Hal tersebut disampaikan Pengamat Politik Putu Suasta, saat menyoroti fenomena kesibukan para Calon Anggota Legislatif atau Caleg dalam menghadapi konstelasi politik Pemilu Serentak 2024, yang harus mengubah pola-pola dan cara kampanye bergaya milenial. Mengingat, begitu besarnya porsi kaum millenial yang nantinya disasar, yang akan menjatuhkan pilihannya pada sang calon kreatif dan inovatif.
Putu Suasta yang juga Alumnus Universitas Gadjah Mada atau UGM dan Cornell University justru menyangsikan eksistensi dan kualitas para caleg yang akan berlaga pada kontestasi politik pada pemilu serentak 2024 jika masih berkutat dengan pola pendekatan tradisional.
Setelah mungkin melakukan simakrama ataupun pendekatan secara persuasif, kini saatnya mereka harus lebih mengasah kemampuan untuk berorasi, meningkatkan performanya dengan ide, gagasan dan komitmennya juga di media sosial.
“Bukan sekedar tebar uang dan janji-janji muluk, apalagi saat ini berdasarkan putusan Mahkamah Konstitusi diperbolehkannya untuk mempresentasikan gagasannya di kampus sebagai ajang adu debat, cetus ide dan adu gagasan. Oleh karenanya, pergunakanlah kampus juga sebagai media untuk menguji semua gagasan secara efektif,” kata Putu Suasta yang pernah menjadi Ketua Badan Pemenangan Pemilu (Bappilu) Partai Demokrat di jaman pemerintahan Presiden SBY.
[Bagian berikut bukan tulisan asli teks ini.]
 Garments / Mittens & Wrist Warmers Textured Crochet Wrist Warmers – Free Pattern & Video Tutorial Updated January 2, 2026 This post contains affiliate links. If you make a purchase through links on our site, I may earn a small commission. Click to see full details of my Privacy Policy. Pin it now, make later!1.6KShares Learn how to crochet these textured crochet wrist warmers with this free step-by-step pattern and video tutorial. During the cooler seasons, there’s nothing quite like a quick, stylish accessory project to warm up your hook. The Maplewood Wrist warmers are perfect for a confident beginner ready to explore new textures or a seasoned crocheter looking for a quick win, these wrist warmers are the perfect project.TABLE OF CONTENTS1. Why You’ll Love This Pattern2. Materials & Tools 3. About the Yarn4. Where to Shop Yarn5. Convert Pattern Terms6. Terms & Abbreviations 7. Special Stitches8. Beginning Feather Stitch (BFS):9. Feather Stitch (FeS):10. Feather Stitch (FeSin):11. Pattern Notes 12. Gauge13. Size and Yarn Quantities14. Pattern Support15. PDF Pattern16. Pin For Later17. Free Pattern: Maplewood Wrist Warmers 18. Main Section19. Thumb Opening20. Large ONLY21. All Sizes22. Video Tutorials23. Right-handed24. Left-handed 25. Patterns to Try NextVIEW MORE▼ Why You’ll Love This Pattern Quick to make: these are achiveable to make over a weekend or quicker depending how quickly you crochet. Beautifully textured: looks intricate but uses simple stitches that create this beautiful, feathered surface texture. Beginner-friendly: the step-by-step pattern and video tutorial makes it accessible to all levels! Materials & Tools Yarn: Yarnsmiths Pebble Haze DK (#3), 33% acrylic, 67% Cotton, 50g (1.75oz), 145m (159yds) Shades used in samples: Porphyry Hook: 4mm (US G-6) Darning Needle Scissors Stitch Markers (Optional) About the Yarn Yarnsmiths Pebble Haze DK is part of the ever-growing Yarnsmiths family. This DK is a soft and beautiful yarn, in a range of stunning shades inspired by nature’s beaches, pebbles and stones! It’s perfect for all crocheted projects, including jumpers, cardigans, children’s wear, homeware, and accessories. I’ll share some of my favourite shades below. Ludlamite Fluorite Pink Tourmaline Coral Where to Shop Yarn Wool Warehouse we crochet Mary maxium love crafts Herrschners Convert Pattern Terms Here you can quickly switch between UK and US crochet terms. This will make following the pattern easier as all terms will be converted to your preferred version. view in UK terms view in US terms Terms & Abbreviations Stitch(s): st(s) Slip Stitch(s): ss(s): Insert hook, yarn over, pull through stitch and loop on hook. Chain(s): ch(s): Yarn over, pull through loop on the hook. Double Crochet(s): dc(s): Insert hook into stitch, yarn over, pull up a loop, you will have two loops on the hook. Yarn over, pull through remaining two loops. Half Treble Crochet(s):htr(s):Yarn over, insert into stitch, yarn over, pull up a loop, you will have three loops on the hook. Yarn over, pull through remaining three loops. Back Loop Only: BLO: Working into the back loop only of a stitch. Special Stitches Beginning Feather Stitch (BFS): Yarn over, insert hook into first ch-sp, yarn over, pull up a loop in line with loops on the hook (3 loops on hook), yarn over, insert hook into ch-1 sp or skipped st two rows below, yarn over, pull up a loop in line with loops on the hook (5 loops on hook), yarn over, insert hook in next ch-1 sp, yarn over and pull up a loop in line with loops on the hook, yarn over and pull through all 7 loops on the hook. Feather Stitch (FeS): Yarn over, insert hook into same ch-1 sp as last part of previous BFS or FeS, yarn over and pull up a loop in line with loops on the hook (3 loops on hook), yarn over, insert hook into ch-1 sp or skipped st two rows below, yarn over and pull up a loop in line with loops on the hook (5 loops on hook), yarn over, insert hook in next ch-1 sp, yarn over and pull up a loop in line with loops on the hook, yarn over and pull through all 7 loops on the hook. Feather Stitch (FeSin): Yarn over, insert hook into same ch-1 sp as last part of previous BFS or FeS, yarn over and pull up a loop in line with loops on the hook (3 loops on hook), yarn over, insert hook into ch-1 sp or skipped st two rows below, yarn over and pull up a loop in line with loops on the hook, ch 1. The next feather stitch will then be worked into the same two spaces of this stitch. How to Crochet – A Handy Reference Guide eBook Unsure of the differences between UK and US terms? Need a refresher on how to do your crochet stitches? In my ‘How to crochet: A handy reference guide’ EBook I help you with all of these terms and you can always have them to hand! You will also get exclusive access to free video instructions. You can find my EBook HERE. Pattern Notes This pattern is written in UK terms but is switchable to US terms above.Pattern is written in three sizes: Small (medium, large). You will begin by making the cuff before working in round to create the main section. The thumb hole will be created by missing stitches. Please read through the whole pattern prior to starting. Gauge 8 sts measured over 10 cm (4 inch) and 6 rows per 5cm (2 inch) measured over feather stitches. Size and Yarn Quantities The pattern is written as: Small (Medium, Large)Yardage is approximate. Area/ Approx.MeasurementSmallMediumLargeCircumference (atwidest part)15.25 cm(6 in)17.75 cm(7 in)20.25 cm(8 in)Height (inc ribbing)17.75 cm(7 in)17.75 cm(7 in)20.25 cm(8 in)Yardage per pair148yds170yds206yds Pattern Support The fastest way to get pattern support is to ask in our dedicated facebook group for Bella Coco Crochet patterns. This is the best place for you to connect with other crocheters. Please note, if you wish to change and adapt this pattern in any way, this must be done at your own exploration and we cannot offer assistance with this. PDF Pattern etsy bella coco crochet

Bahkan, Putu Suasta yang juga Alumni Universitas Gadjah Mada (UGM) dan Universitas Cornell ini merasa miris melihat kualitas berfikir dari para caleg yang masih pas-pasan bahkan cenderung mengandalkan popularitas dan polesan gincu sana-sini.
Namun, para caleg harus memiliki tingkat elektabilitas yang tinggi dengan ide dan gagasan kreatif serta inovatif, sehingga masyarakat tidak salah memilih calon-calonnya yang akan duduk mewakili kepentingan mereka, dalam merumuskan kebijakan publik yang berkeadilan dan pro masyarakat umum.
“Para caleg diharapkan memiliki “Smart Brain” gagasan yang tepat guna untuk menyelesaikan problema praktis yang dihadapi masyarakat terkini, seperti masalah kesehatan, ketenagakerjaan, kebutuhan pangan, energi, sampah, kesetaraan gender dan lain sebagainya. (ace).